• **DATASET EXCERPTS**:
------

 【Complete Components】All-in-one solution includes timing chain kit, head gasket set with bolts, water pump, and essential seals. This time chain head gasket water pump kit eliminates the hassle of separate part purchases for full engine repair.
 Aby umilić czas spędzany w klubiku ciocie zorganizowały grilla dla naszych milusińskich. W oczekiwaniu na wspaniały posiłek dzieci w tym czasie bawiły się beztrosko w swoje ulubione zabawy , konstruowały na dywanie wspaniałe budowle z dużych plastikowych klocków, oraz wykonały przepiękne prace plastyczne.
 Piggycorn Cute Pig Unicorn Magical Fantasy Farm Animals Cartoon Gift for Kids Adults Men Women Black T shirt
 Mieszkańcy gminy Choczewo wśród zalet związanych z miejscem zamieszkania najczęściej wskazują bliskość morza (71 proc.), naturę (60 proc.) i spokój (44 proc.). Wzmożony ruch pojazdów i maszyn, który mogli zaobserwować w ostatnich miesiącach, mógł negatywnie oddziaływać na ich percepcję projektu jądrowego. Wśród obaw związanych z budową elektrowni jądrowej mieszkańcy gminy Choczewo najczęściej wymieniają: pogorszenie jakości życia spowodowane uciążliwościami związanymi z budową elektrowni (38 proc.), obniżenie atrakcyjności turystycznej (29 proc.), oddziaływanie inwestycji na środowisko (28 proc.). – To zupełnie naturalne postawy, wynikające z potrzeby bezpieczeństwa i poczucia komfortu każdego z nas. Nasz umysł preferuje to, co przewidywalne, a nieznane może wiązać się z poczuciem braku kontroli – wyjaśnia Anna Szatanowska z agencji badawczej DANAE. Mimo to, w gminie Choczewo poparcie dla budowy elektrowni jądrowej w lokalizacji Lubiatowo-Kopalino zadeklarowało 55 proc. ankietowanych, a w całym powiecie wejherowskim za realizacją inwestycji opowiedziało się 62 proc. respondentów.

------

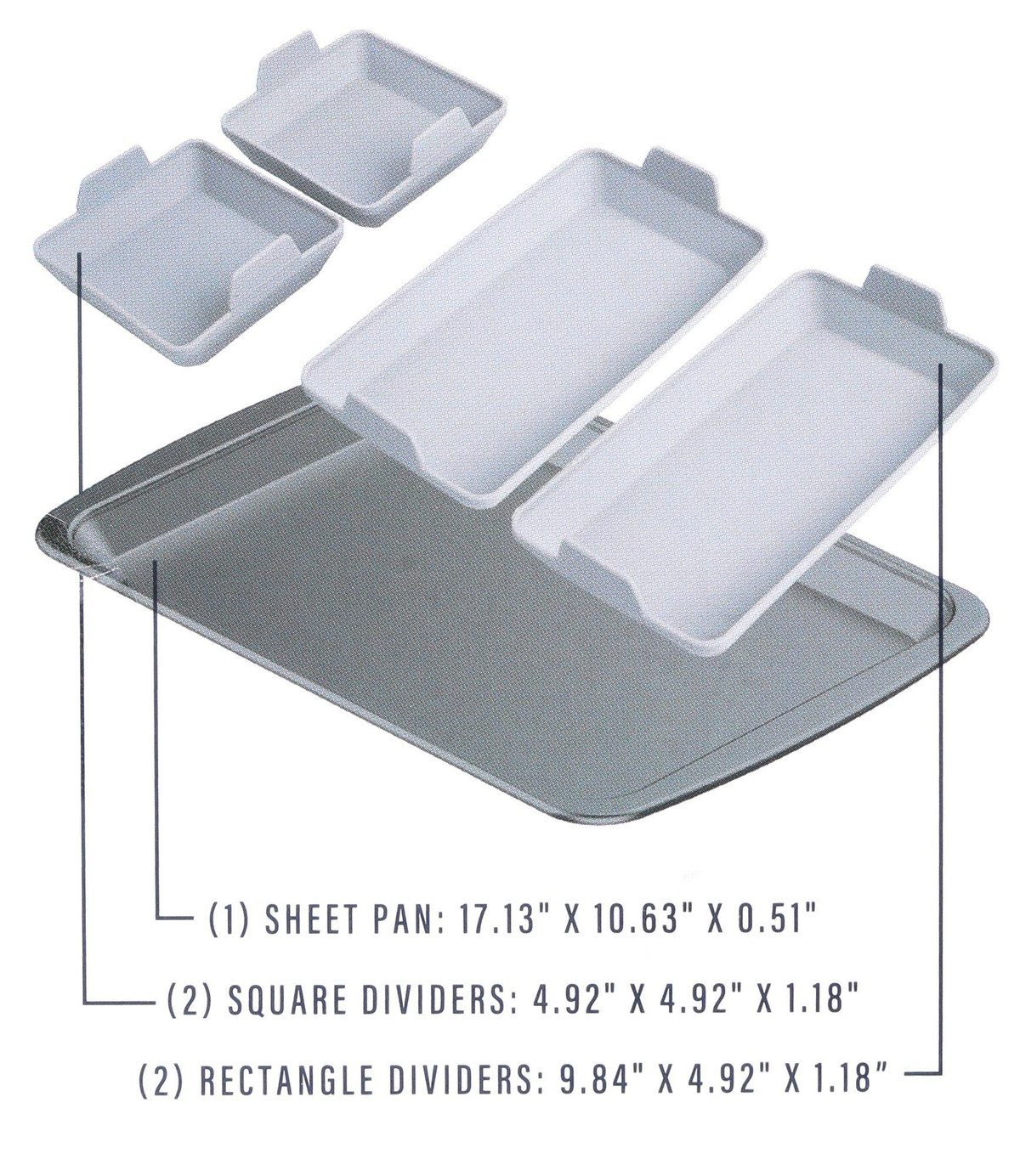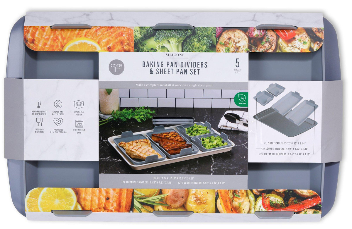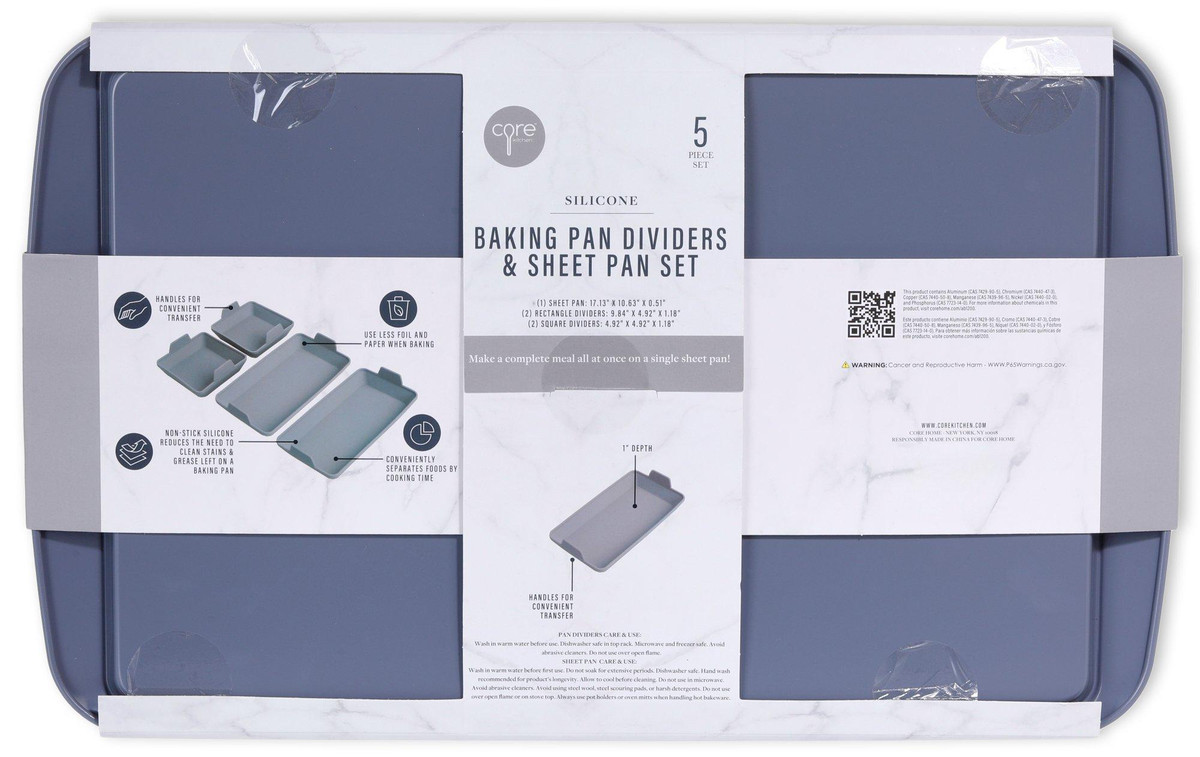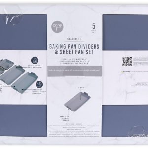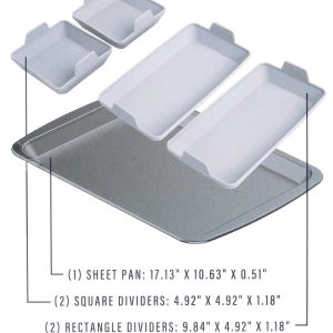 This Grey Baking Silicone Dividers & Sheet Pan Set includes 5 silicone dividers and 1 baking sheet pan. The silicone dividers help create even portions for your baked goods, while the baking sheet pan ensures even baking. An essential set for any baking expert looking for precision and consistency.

------

• **YOUR GOAL**:
Only one part of the material above is to be transcribed, namely the lines starting with the line that has "full engine repair." and going on through the line that has "Mieszkańcy gminy Choczewo wśród", exactly as they stand.

• **EXERCISE RESULT**:
 【Complete Components】All-in-one solution includes timing chain kit, head gasket set with bolts, water pump, and essential seals. This time chain head gasket water pump kit eliminates the hassle of separate part purchases for full engine repair.
 Aby umilić czas spędzany w klubiku ciocie zorganizowały grilla dla naszych milusińskich. W oczekiwaniu na wspaniały posiłek dzieci w tym czasie bawiły się beztrosko w swoje ulubione zabawy , konstruowały na dywanie wspaniałe budowle z dużych plastikowych klocków, oraz wykonały przepiękne prace plastyczne.
 Piggycorn Cute Pig Unicorn Magical Fantasy Farm Animals Cartoon Gift for Kids Adults Men Women Black T shirt
 Mieszkańcy gminy Choczewo wśród zalet związanych z miejscem zamieszkania najczęściej wskazują bliskość morza (71 proc.), naturę (60 proc.) i spokój (44 proc.). Wzmożony ruch pojazdów i maszyn, który mogli zaobserwować w ostatnich miesiącach, mógł negatywnie oddziaływać na ich percepcję projektu jądrowego. Wśród obaw związanych z budową elektrowni jądrowej mieszkańcy gminy Choczewo najczęściej wymieniają: pogorszenie jakości życia spowodowane uciążliwościami związanymi z budową elektrowni (38 proc.), obniżenie atrakcyjności turystycznej (29 proc.), oddziaływanie inwestycji na środowisko (28 proc.). – To zupełnie naturalne postawy, wynikające z potrzeby bezpieczeństwa i poczucia komfortu każdego z nas. Nasz umysł preferuje to, co przewidywalne, a nieznane może wiązać się z poczuciem braku kontroli – wyjaśnia Anna Szatanowska z agencji badawczej DANAE. Mimo to, w gminie Choczewo poparcie dla budowy elektrowni jądrowej w lokalizacji Lubiatowo-Kopalino zadeklarowało 55 proc. ankietowanych, a w całym powiecie wejherowskim za realizacją inwestycji opowiedziało się 62 proc. respondentów.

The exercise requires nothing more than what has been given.